::: Provided entries :::

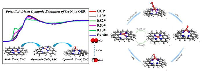 近日,中國科學(xué)院大連化學(xué)物理研究所催化與新材料研究室(十五室)張濤院士、王愛琴研究員、楊小峰研究員等與廈門大學(xué)田中群院士、李劍鋒教授等合作,在氮碳載體上設(shè)計(jì)并構(gòu)筑了均勻分散的銅單原子催化劑(Cu-N-C SAC),將其應(yīng)用于堿性電催化氧還原反應(yīng)中,并通過原位X射線吸收光譜技術(shù)(operando-XAS)揭示其在反應(yīng)過程中的可逆動(dòng)態(tài)演變。
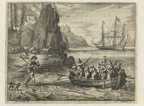 Curator: This engraving, attributed to Isaac Weissenbruch and dated roughly between 1836 and 1912, depicts a group of men on a boat hoisting a flag. Editor: My immediate impression is one of clandestine activity. The stark lines and restricted palette give it a secretive, almost rebellious mood. The figures are densely packed, suggesting urgency and collective action. Curator: Indeed. The text emblazoned on the flag, "De Sabbathbreekster," which translates to "The Sabbath Breaker," adds another layer of intrigue. This connects to a specific socio-religious context. Consider the meaning ascribed to the Sabbath, rest and worship. What does it mean to publicly break it, and who would celebrate that act? Editor: Precisely! Flags are fascinating symbols, and this one broadcasts a clear, albeit subversive, message. Visually, the flag becomes a symbol of resistance or defiance against religious law. The figures, by hoisting it, embody a shared identity rooted in this defiance. Who exactly they are, though, remains unclear. Curator: That's where material context becomes key. Given Weissenbruch's focus on the daily life of ordinary people, the print suggests a communal event, perhaps related to labor practices or political protest. Think of it as an image about access: access to labor and leisure, maybe even resistance against restrictive religious norms upheld by societal powers. Editor: And the water itself! The medium carrying the 'breakers', fluid and uncontrollable, reflecting both potential and instability. Even the choice to render it in engraving--a medium historically associated with distributing information and creating multiple copies--underscores its potential for widespread influence and perhaps instigation. Curator: Yes, engraving made it an affordable artwork at that time, a potentially radical message circulating for all to see, printed again and again...it shifts the status of the image away from rarefied "high art", embedding it within everyday visual culture and political discourse. It's not just *what* it represents but *how* it became representation itself, manufactured, multiplied, distributed, maybe pasted to walls... Editor: What lingers with me is this rather potent declaration of breaking from convention; it raises enduring questions about authority and collective rebellion. What sacred cows do we collectively challenge, or uphold, today? Curator: For me, understanding the technical process and historical backdrop illuminates the socio-political message. The engraving is not just a picture, but a manufactured object of rebellion, disseminated in its time, and now resonating differently, if subtly, even today.
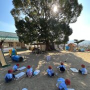 11月の晴天、暑くも寒くもない貴重な1日に、園庭にある大楠を皆で描きました。 樹の構造や各部分の名称と役割...
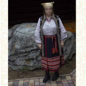 Юбка сшита из ажурного шитья, состоит из трех прямоугольных полотен, соединенных на поясе, украшена красным кружевом, бархоткой в тон, а также блестящей серебристой тесьмой.
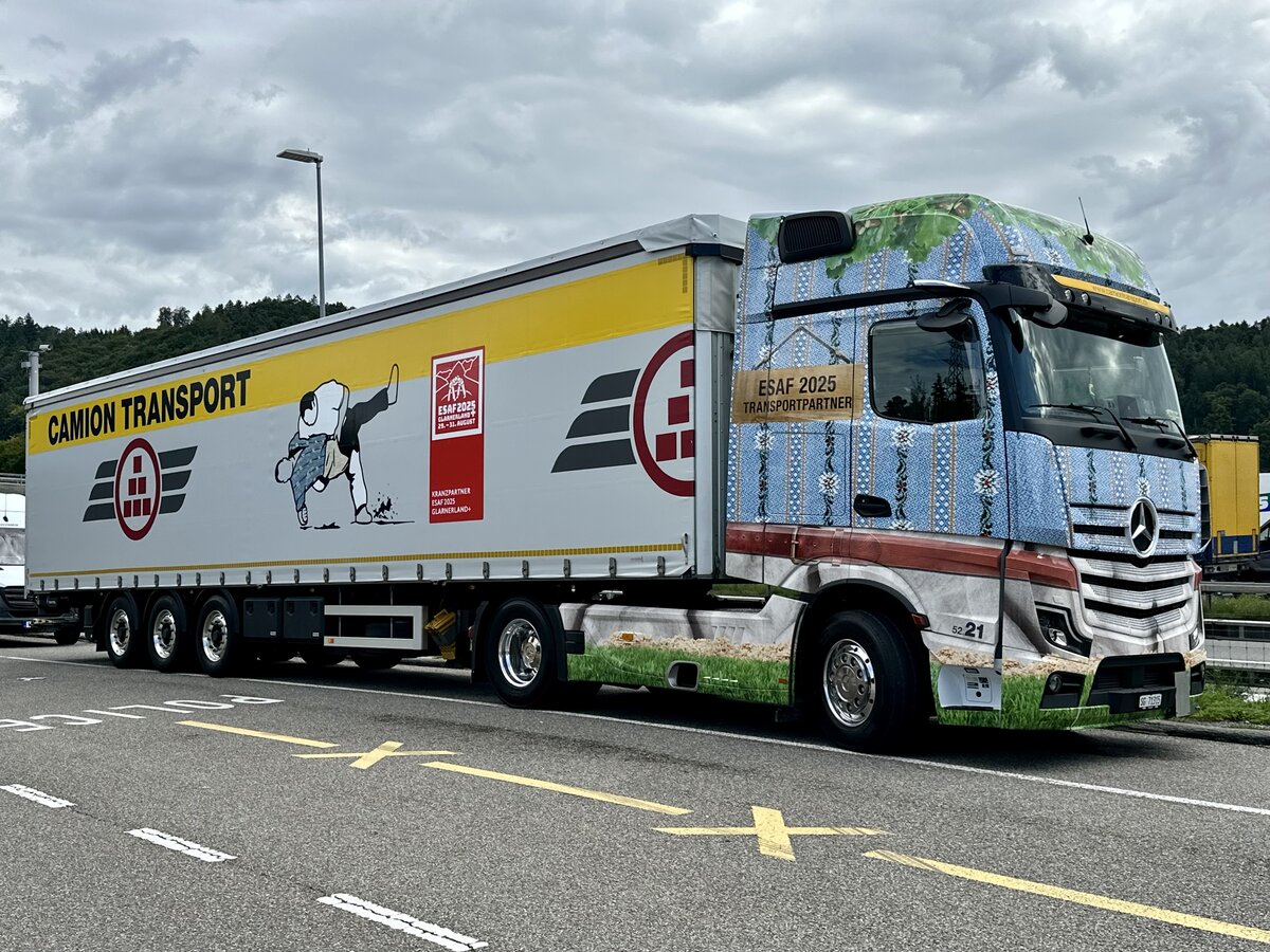 Der MB Actros Sattelzug von Camion Transport mit einem Schwinger Design fürs ESAF das in Mollis stattgefunden hat, am 4.9.25 auf der Rastsätte Grauholz.
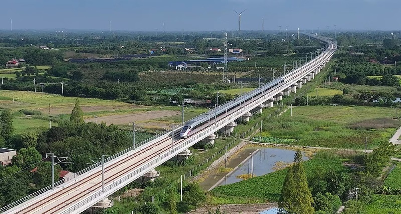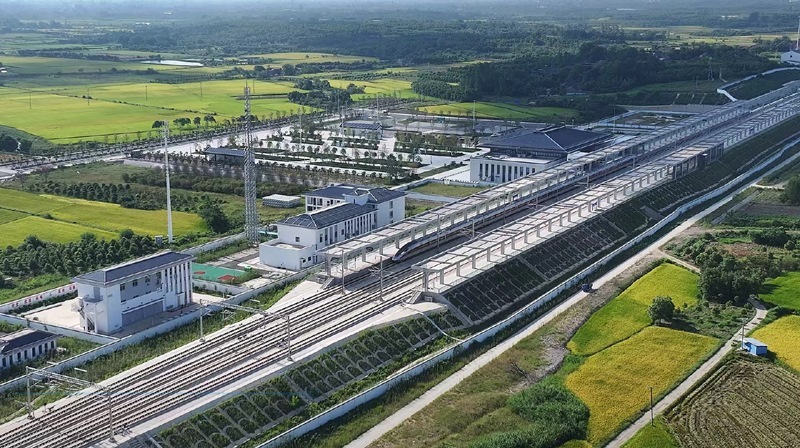 8月23日,試驗(yàn)列車從荊門市沙洋西站折返,駛向襄陽東站(無人機(jī)照片)。

:::

Quote verbatim the final run of lines in the material above, from the line that contains "Юбка сшита из" through the very last line, excluding any pictures.

> _Result of the exercise_
 Юбка сшита из ажурного шитья, состоит из трех прямоугольных полотен, соединенных на поясе, украшена красным кружевом, бархоткой в тон, а также блестящей серебристой тесьмой.
 Der MB Actros Sattelzug von Camion Transport mit einem Schwinger Design fürs ESAF das in Mollis stattgefunden hat, am 4.9.25 auf der Rastsätte Grauholz.
 8月23日,試驗(yàn)列車從荊門市沙洋西站折返,駛向襄陽東站(無人機(jī)照片)。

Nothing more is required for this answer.